La stanza era buia. Le pile della torcia si erano scaricate completamente mentre dormiva.
Sussurri.
Dappertutto.
Sussurri appena accennati, sibilanti e cattivi.
Bruno cominciò a colpirsi il volto, il collo, il torace e le braccia nel tentativo di scacciare quelle cose disgustose che gli strisciavano addosso, e cadde dal letto. Sul pavimento sembravano esserci ancora più cose striscianti e sibilanti che sul letto: ce n’erano a migliaia e producevano quei terribili sussurri. Gemette e farfugliò parole senza senso, poi si mise una mano sul naso e sulla bocca per evitare che quelle cose disgustose si infilassero dentro di lui.
Luce.
Fili di luce.
Sottili fasci di luce fosforescente risaltavano sulla tappezzeria peraltro cupa della stanza. Non era una gran luce, ma era pur sempre meglio di niente.

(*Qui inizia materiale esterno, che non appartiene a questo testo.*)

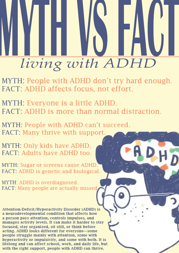 Another idea I thought of, to mainly spread awareness on ADHD was to create something which breaks the myths about the laziness and disorganisation of ADHD. Creating a myth vs fact campaign, hopefully stopping stereotypes.
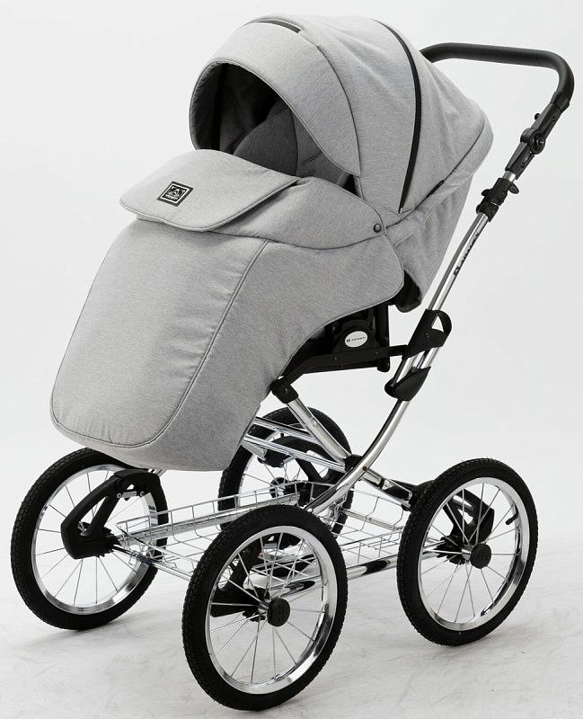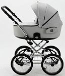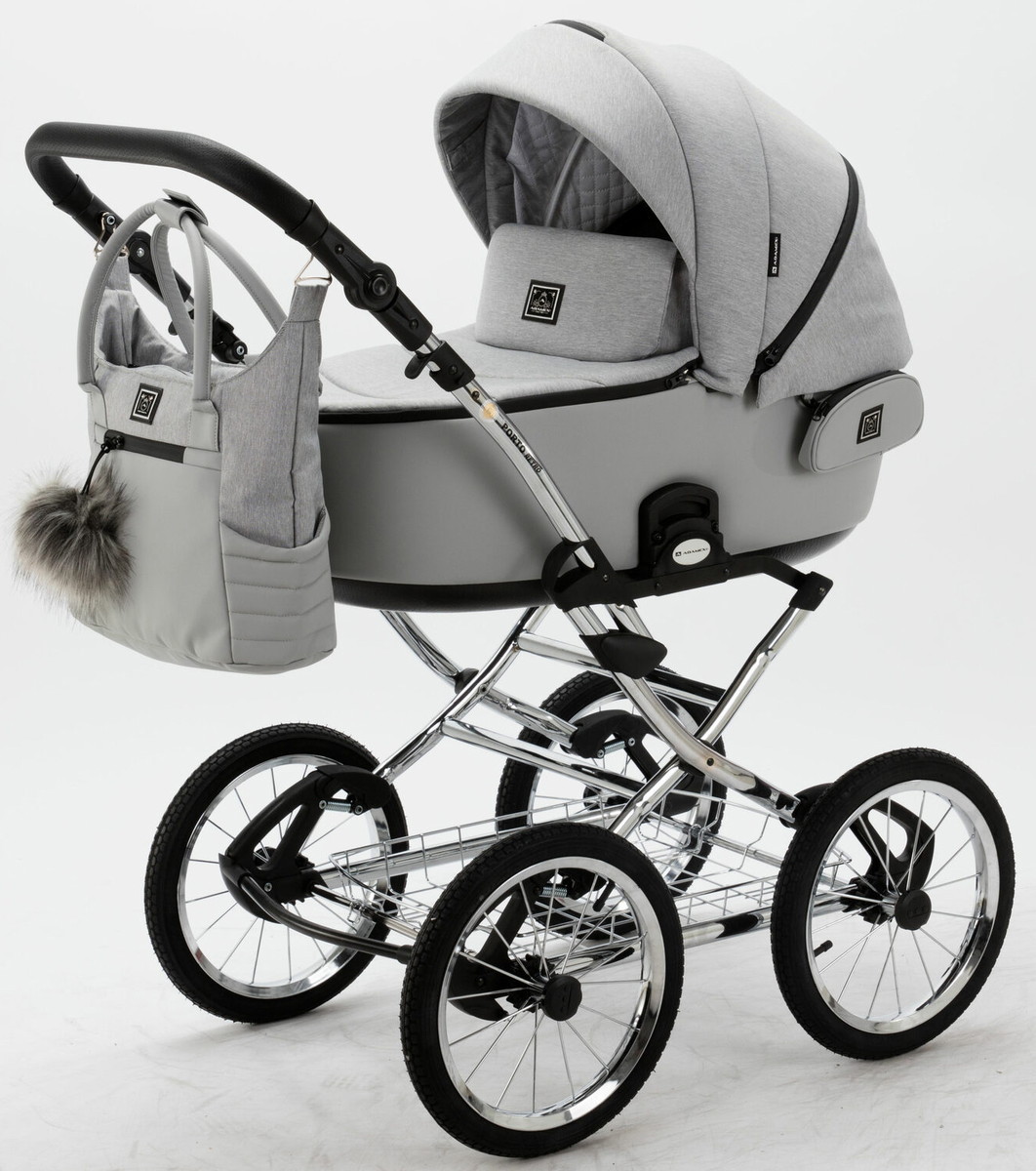 Детская коляска Adamex Porto Retro 3 в 1 PO-PS11 (СВ.СЕРЫЙ+СВ.СЕРАЯ КОЖА)
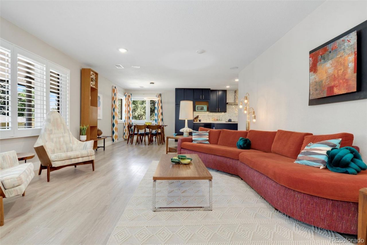 Fully Updated Midcentury Modern 5 Bed, 4 Bath, 3,200 SF NO HOA NO Metro DistrictTimeless 1965 midcentury modern on a DOUBLE LOT with no HOA restrictions-park your RV, raise backyard chickens, or explore short-term rental potential. This 5-bedroom, 4-bathroom home blends classic architectural charm with complete modern updates (mechanicals updated 2022). Sun-drenched living room with picture windows and electric fireplace flows into the dining area and chefs kitchen featuring an 11-foot quartz island and 48-inch 6-burner gas range with pasta arm. Main floor offers 3 bedrooms including primary suite plus enclosed sunroom. Fully finished basement with 100 projector screen, wet bar, second fireplace, 2 additional bedrooms, and flex room.LOCATION: Minutes to Sweet Heart Winery, 15 min to Big Thompson Canyon fly fishing, less than 30 miles to Estes Park, 45 min to Rocky Mountain National Park. Under 10 min to Mariana Butte Golf Course & Devils Backbone hiking trails. Walk to Mehaffey Park (1 mile), Jamoka Joes coffee, and grocery store. ADU potential under Colorados new housing laws.Outside city limits = freedom + privacy. Hot tub, apple tree, patio, grass-your Colorado lifestyle awaits!
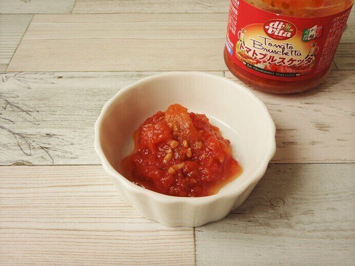 バゲットやクラッカーに乗せて食べるペーストソースで、たっぷりのトマトにオリーブオイル、にんにく、オレガノが入っています。
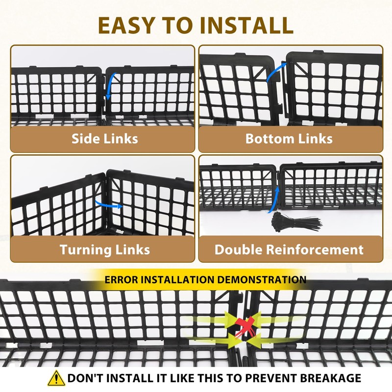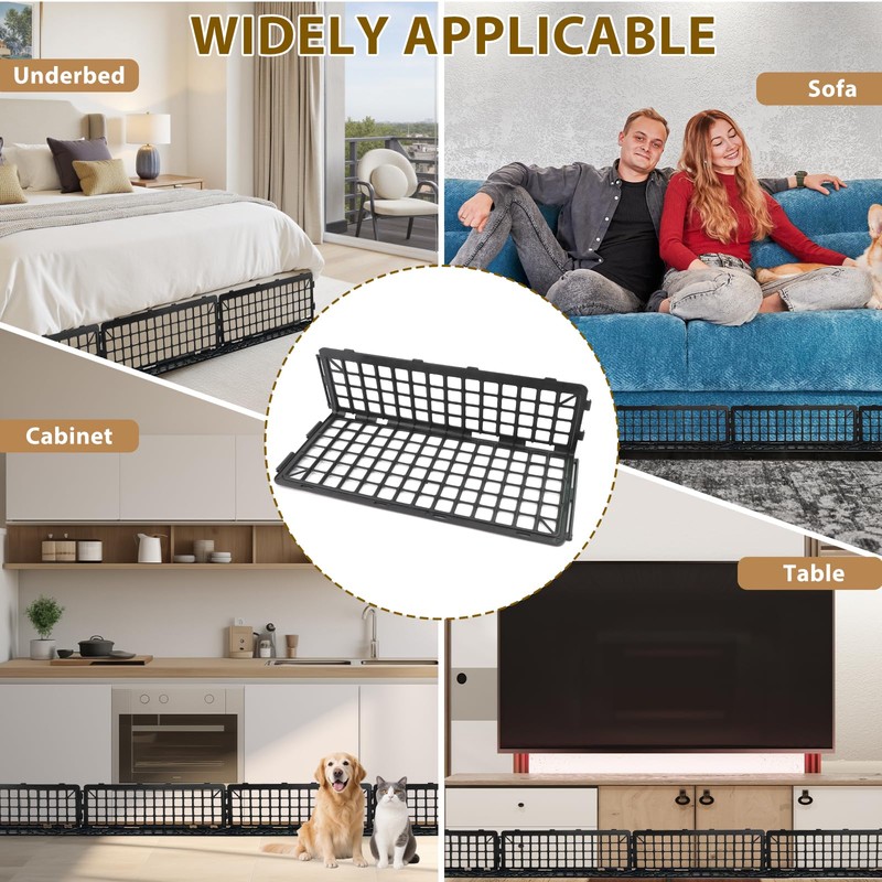 - 【Multiple uses】assemble it under furniture like beds and sofas to keep pets from crawling underneath; or reconfigure it into other shapes and use it in additional settings—such as a shelf barrier to neatly store kitchen tools and more.

Si precipitò verso quei deboli bagliori, allontanando quelle cose da sé, e si ritrovò davanti alla finestra. Era chiusa dalle imposte e la luce filtrava attraverso le sottili fessure. Con mani tremanti, Bruno cercò a tastoni la maniglia della finestra. Finalmente la trovò, ma non riuscì a muoverla: era bloccata.
Urlando e contorcendosi, tornò goffamente verso il letto, lo tastò e trovò la torcia che aveva appoggiato sul comodino. Si fece strada di nuovo verso la finestra e fracassò il vetro, usando la torcia come una mazza. Riuscì a individuare il gancio che teneva chiuse le imposte, vi infilò dentro una mano, armeggiò per un attimo con la parte arrugginita e finalmente riuscì ad aprire le persiane, scoppiando a piangere dalla gioia quando la luce inondò la stanza.
I sussurri svanirono.
Il salotto-buono di Rita Yancy, così come lo chiamava lei, rifuggendo da qualsiasi termine più moderno, era lo stereotipo del soggiorno nel quale le dolci, care vecchiette del suo stampo erano solite trascorrere gli anni del tramonto. Tendaggi in cinz. Pareti colme di quadri e quadretti con ricami fatti a mano e proverbi e poesiole circondati da minuscoli fiorellini: la perfetta immagine della buona volontà, del buonumore e del pessimo gusto. Tende guarnite di nappine. Sedie con lo schienale alto. Copie del Reader’s Digest sparpagliate sul tavolino. Un cesto pieno di ferri e gomitoli. Un tappeto a fiori protetto da passatoie in tinta. Coperte lavorate a mano gettate sul divano. Un pendolo che ticchettava lontano.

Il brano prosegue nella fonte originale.